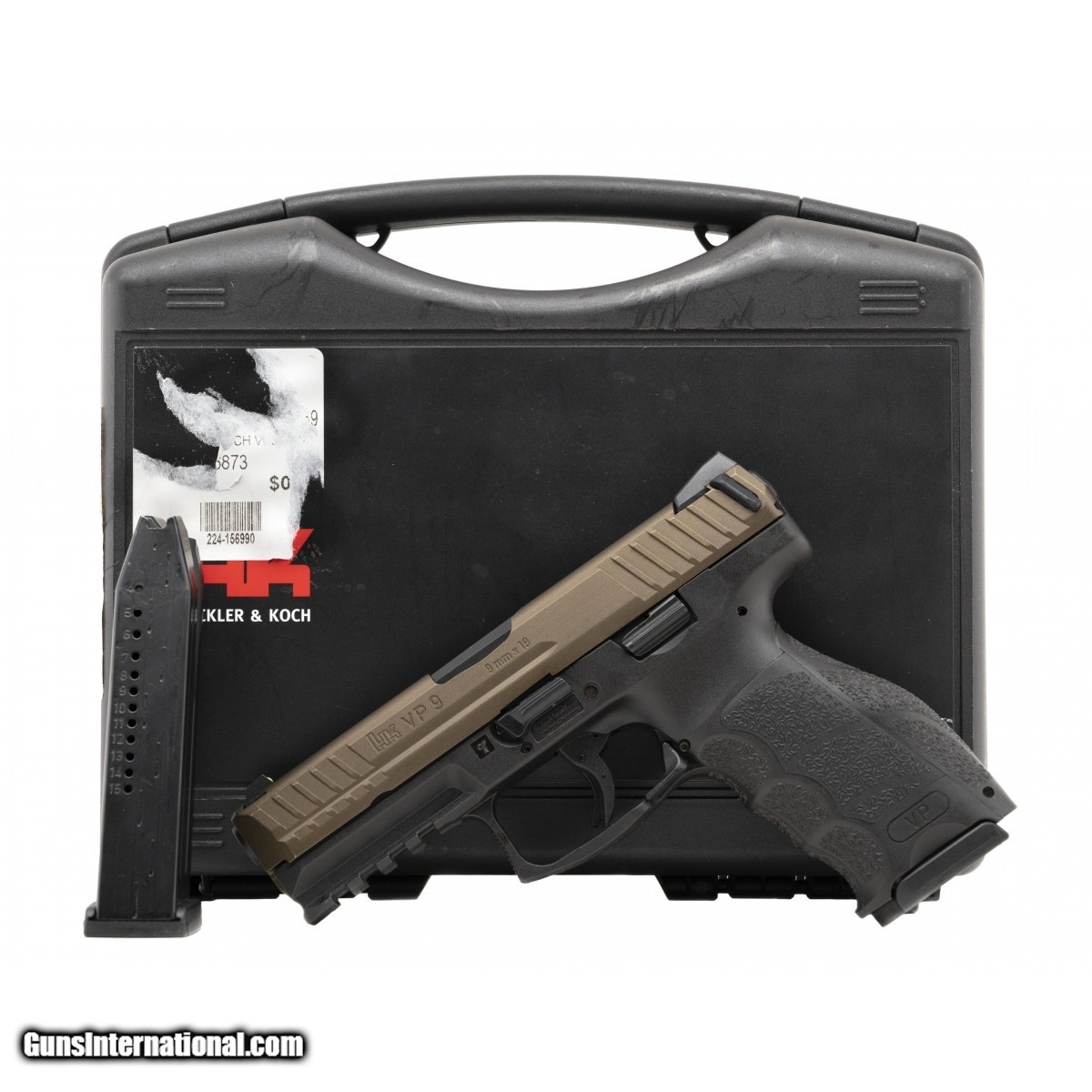 German-made full size pistol with burnt bronze slide, and painted three dot sights. Very good condition. With Box and magazine.
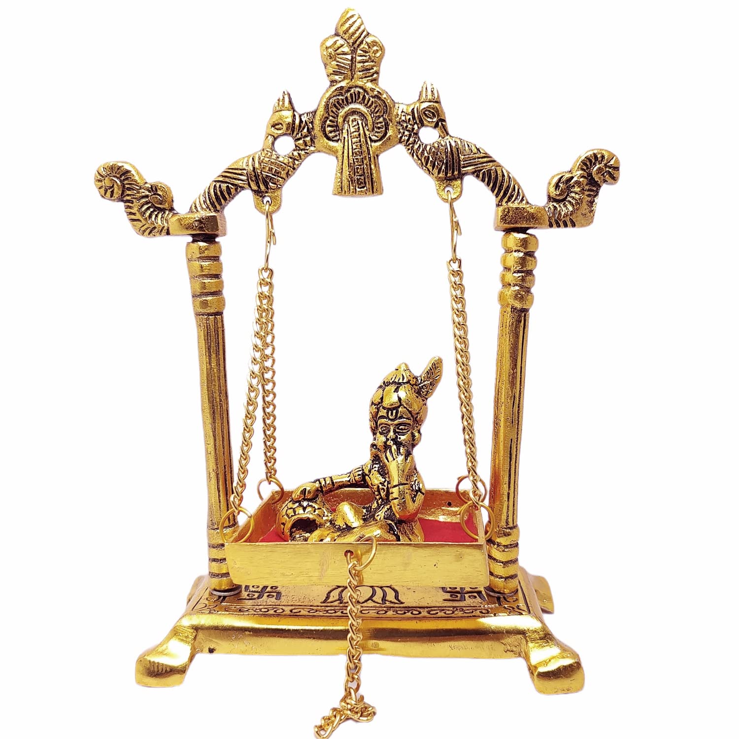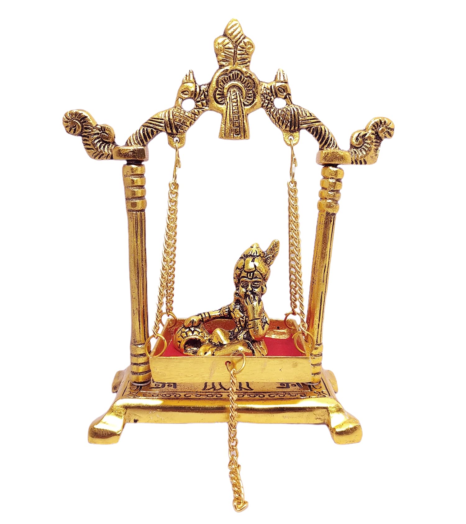 HomeHomeSpiritualIdolsKridayKraft Laddu Gopal on Jhulla Palana Metal Statue Gold Plated Decor Your Home,Office metal Krishna Murti,Showpiece Figurines,Religious Idol Gift Article.
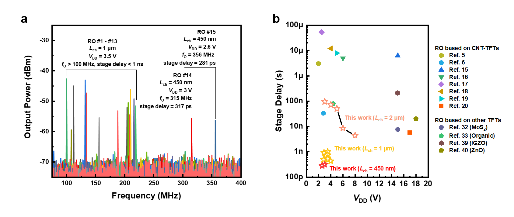 图2. a)亚纳秒延时的环形振荡器输出频谱图;b)基于各种材料体系的柔性环形振荡器对比
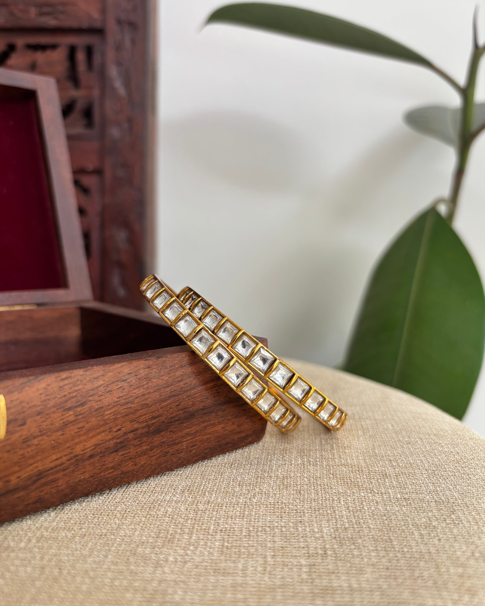 Simple, sophisticated, and timeless — these minimal Jadau Kundan Bangles feature a row of delicate square kundan stones, perfectly aligned for a clean and elegant look. The soft white color adds a graceful touch, making them perfect for both traditional and contemporary outfits. Light, comfortable, and effortlessly stylish!
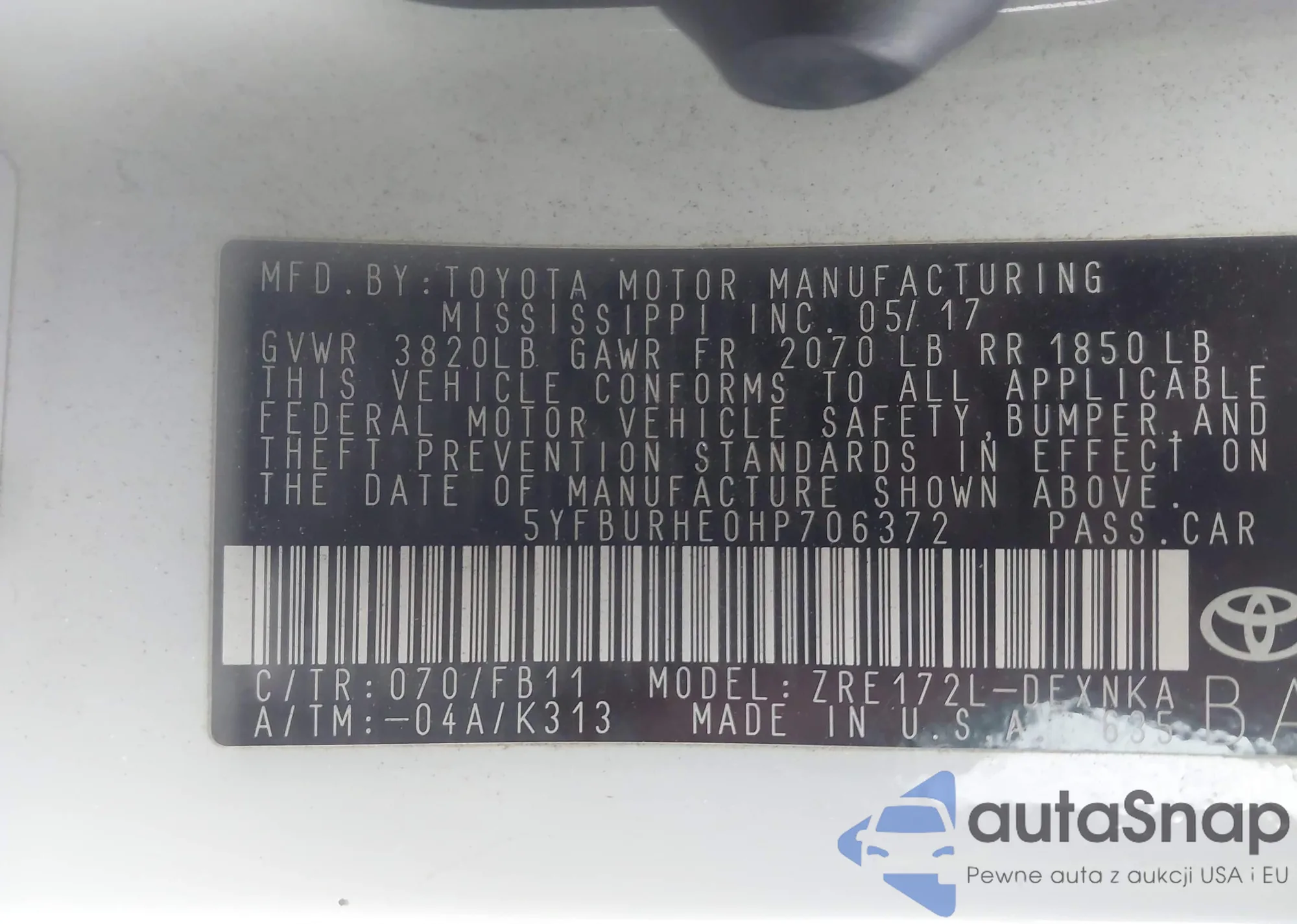 • VIN 5YFBURHE0HP706372
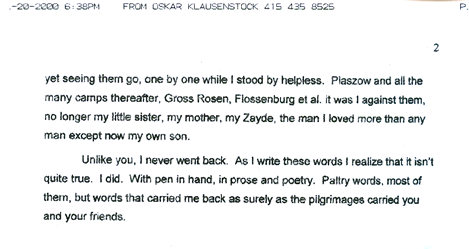 Klausenstock was the only one of 38 family members to survive the Holycaust.
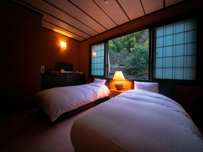 源泉掛流し天然温泉100%露天風呂付客室は、当館一の贅沢な客室
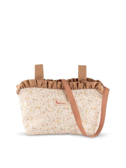 Uszyta ręcznie w Hiszpanii stylowa beżowo-kakaowa torba na akcesoria dla lalek jest idealnym dodatkiem do wózka. Z pewnością uatrakcyjnia spacery. Jej uniwersalny design pozwala na noszenie jej również jako torby na ramię. Dołączony długi kakaowy pasek zapewnia dziecku wygodę. Praktyczna, ładna i funkcjonalna, świetnie nadaje się do przechowywania wszystkich akcesoriów do zabawy lalkami. W zestawie prezentowy woreczek tiulowy.
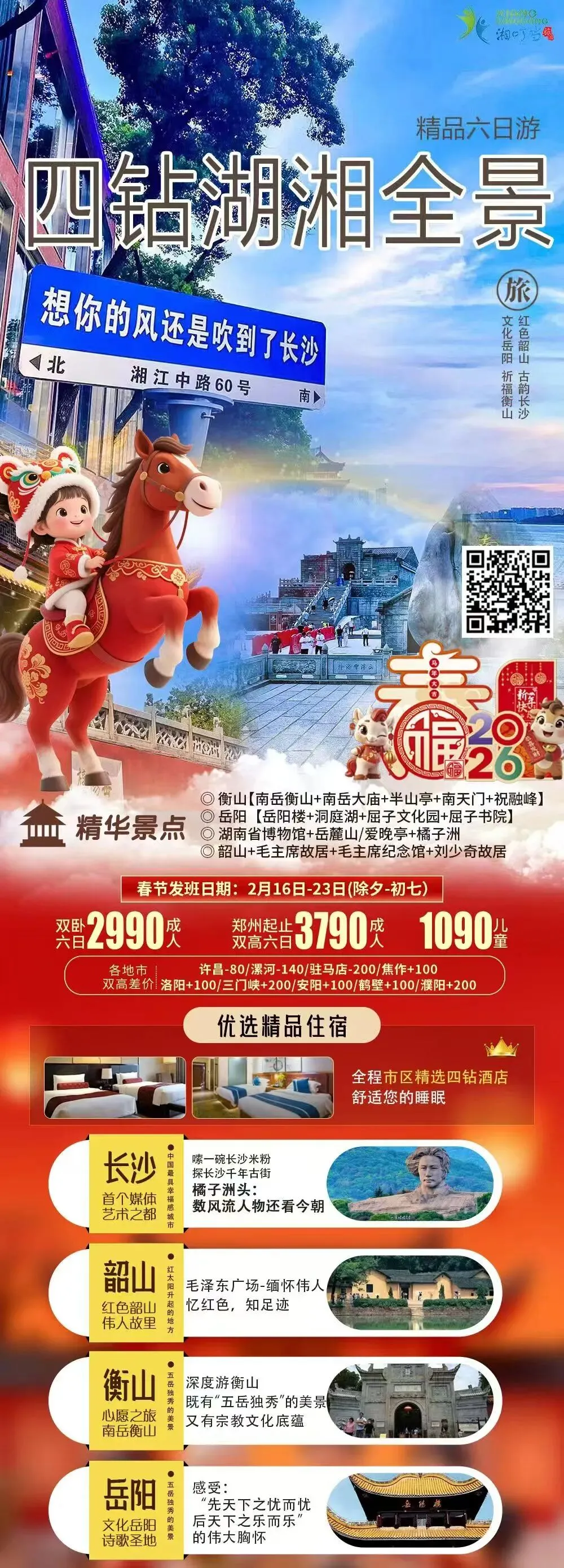 2月16-23号【四钻湖湘全景】郑州起止长沙韶山衡山岳阳双卧六日2990元
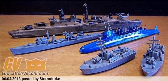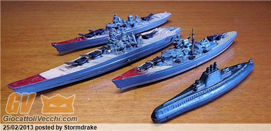Le Navi... notate la magnifica colorazione di quelle Atlantic, è opera mia. Da notare la foto degli aerei con l`idrovolante. E` un giocattolo veramente vecchio, ricordo di mio padre, anni 40.
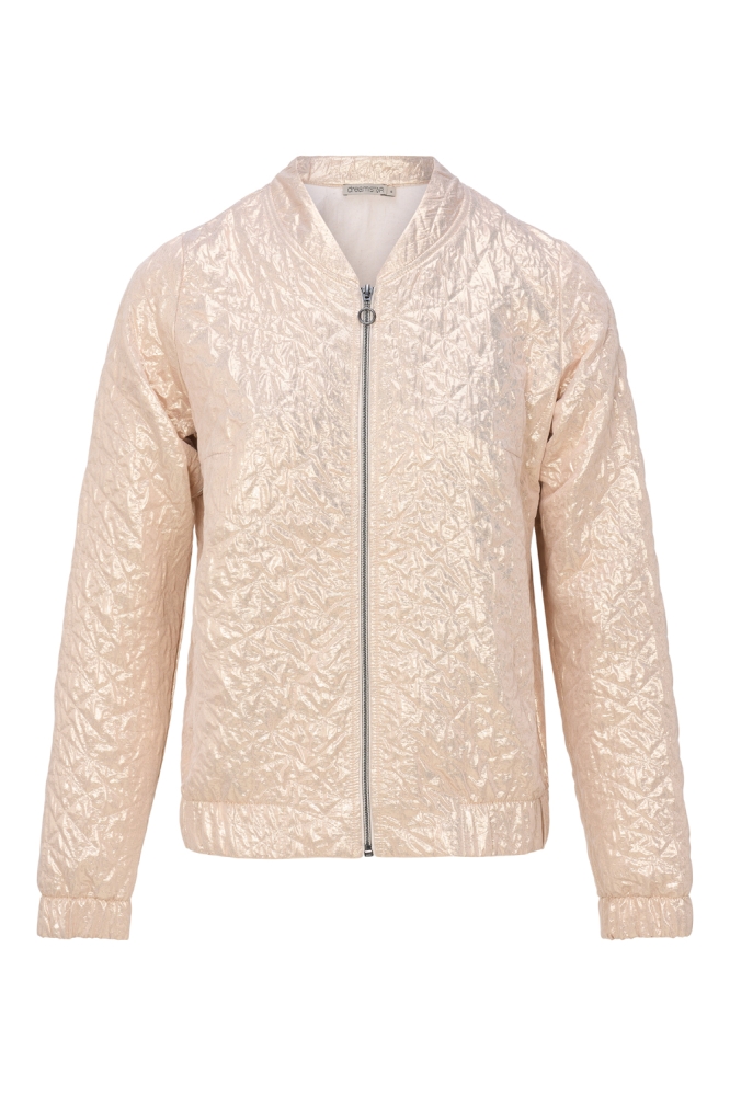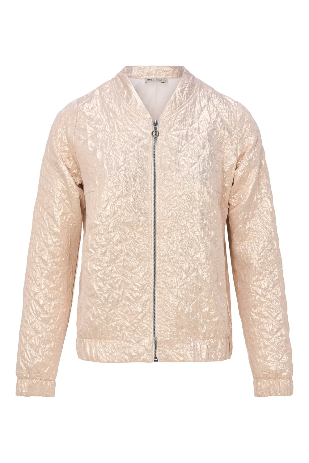 Goudkleurig metallic jasje van Dreamstar met een opvallende, trendy uitstraling. Het jasje is gemaakt van een soepele stof met metallic finish en geeft elke outfit direct een glam touch. Perfect om zowel casual als feestelijk te combineren.
- - - - -
> _Problem details_
Your output should be the lines from the line containing "源泉掛流し天然温泉100%露天風呂付客室は、当館一の贅沢な客室" through the last line of the listing above, restated exactly, with no pictures among them.

> _Your response_
 源泉掛流し天然温泉100%露天風呂付客室は、当館一の贅沢な客室
 Uszyta ręcznie w Hiszpanii stylowa beżowo-kakaowa torba na akcesoria dla lalek jest idealnym dodatkiem do wózka. Z pewnością uatrakcyjnia spacery. Jej uniwersalny design pozwala na noszenie jej również jako torby na ramię. Dołączony długi kakaowy pasek zapewnia dziecku wygodę. Praktyczna, ładna i funkcjonalna, świetnie nadaje się do przechowywania wszystkich akcesoriów do zabawy lalkami. W zestawie prezentowy woreczek tiulowy.
 2月16-23号【四钻湖湘全景】郑州起止长沙韶山衡山岳阳双卧六日2990元
Le Navi... notate la magnifica colorazione di quelle Atlantic, è opera mia. Da notare la foto degli aerei con l`idrovolante. E` un giocattolo veramente vecchio, ricordo di mio padre, anni 40.
 Goudkleurig metallic jasje van Dreamstar met een opvallende, trendy uitstraling. Het jasje is gemaakt van een soepele stof met metallic finish en geeft elke outfit direct een glam touch. Perfect om zowel casual als feestelijk te combineren.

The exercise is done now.